Уже на пороге он со вздохом сказал:
— А жаль, что я — не античный философ. Занятно было бы покантоваться в те лазоревые деньки. Выйдешь за финиками, а навстречу какой-нибудь красавец этруск…
Пришла пора завершать эти письма, которыми я вас исправно потчую и которые вы усердно читаете. Сколь ни странно, я совсем не испытываю ни радости, ни облегчения. Скорее, мне сейчас даже грустно при мысли, что это письмо — последнее. Жизнь моя все это время была богата уже потому, что я перелистывала ее заново, стараясь воскресить ее бури, понять ее и понять себя. Не знаю, удалось ли мне это. Все мы — путаные созданья, и всем нам, конечно, урок не впрок. Спасибо за ваше долготерпение, вы мне позволили вновь пережить возможно самые драматические, но и самые полнокровные годы. Пусть этот эпистолярный взрыв станет подспорьем в вашей работе.
В начале лета я примкнула к экскурсии, направлявшейся в Спасское-Лутовиново. Не так уж редко мы совершаем непредсказуемые поступки, но тут у меня был целый план. Посещение тургеневских мест, если признаться, было лишь поводом.

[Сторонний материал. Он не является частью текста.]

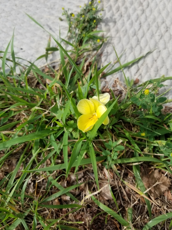 A feral pansy! Yes, a pansy has sprouted in the yard.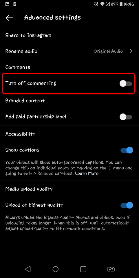 Turn off Comments on Instagram Posts Before Publishing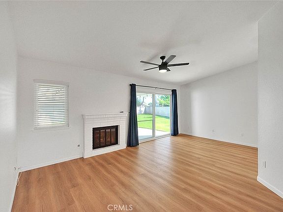 Very desirable Hampshire Village community with low $193 association dues that includes fire insurance, community pool/spa, and front yard maintenance. This one-story floor plan is one of only a handful. Vinyl wood look laminate floors throughout. Brand new kitchen with granite counter tops, tiled back splash, stainless steel appliances (gas range and microwave), shaker cabinets, and recessed lights. Enjoy the breakfast nook for casual dining. Vaulted ceilings in the living room, warm and toasty fireplace burns gas logs or wood. Two new bathrooms with tiled showers, glass shower doors, shaker cabinets, and granite countertops. Indoor laundry room and an attached two car garage with covered walkway to the front door. The ac has been replaced, new front screen door. Two newer dual pane sliding doors exit to the double sized (perhaps the largest lot in the community) private back yard. One slider is off of the master suite the other off of the living room. Both sliders enter the covered patio with concrete deck. Concrete tile roof. This home is in a planned unit development and shares one wall with an adjoining home. Extra parking with the private concrete driveway for two cars. Community pool and spa, sport court, barbecue area, meandering walking path. Excellent schools and nearby shopping. Chino is a multiple award winner of Top 100 Cities for Young Families.

Но стоило мне очутиться в Спасском, и я поняла, что на этот раз меня незаслуженно наградили. Стоило только войти в усадьбу, остановиться близ усыпальницы, а после — у скромных могил солдат, отбивших и спасших этот приют, увидеть с а м о й прославленный дуб, превратившийся из веселого отрока в иссохшего старого великана, и эту воспетую аллею, в которой заглохло столько шагов, как в душу мою вошла тишина. Не та, что исполнена тайной тревоги и грозных предчувствий, а та, что светла и вдруг возносит в такую высь, где вы и бесстрашны и неуязвимы.
Ни пышности, ни пестроты, ни оперной декоративной роскоши. Такою и должна была быть земля Дениса, и такою я хотела ее увидеть. Было отрадно и грустно думать, что по ней в такой же вот летний день шагал мальчонка, едва поспевая за суровым и немногословным отцом.
Как, в сущности, это было недавно, — три десятка как день промелькнувших лет, — колючее прикосновенье стерни, ветер, пахнущий теплой пылью, пение дальних перепелов. Я словно видела, да и слышала, как он выспрашивает у отца имена птиц и названия трав.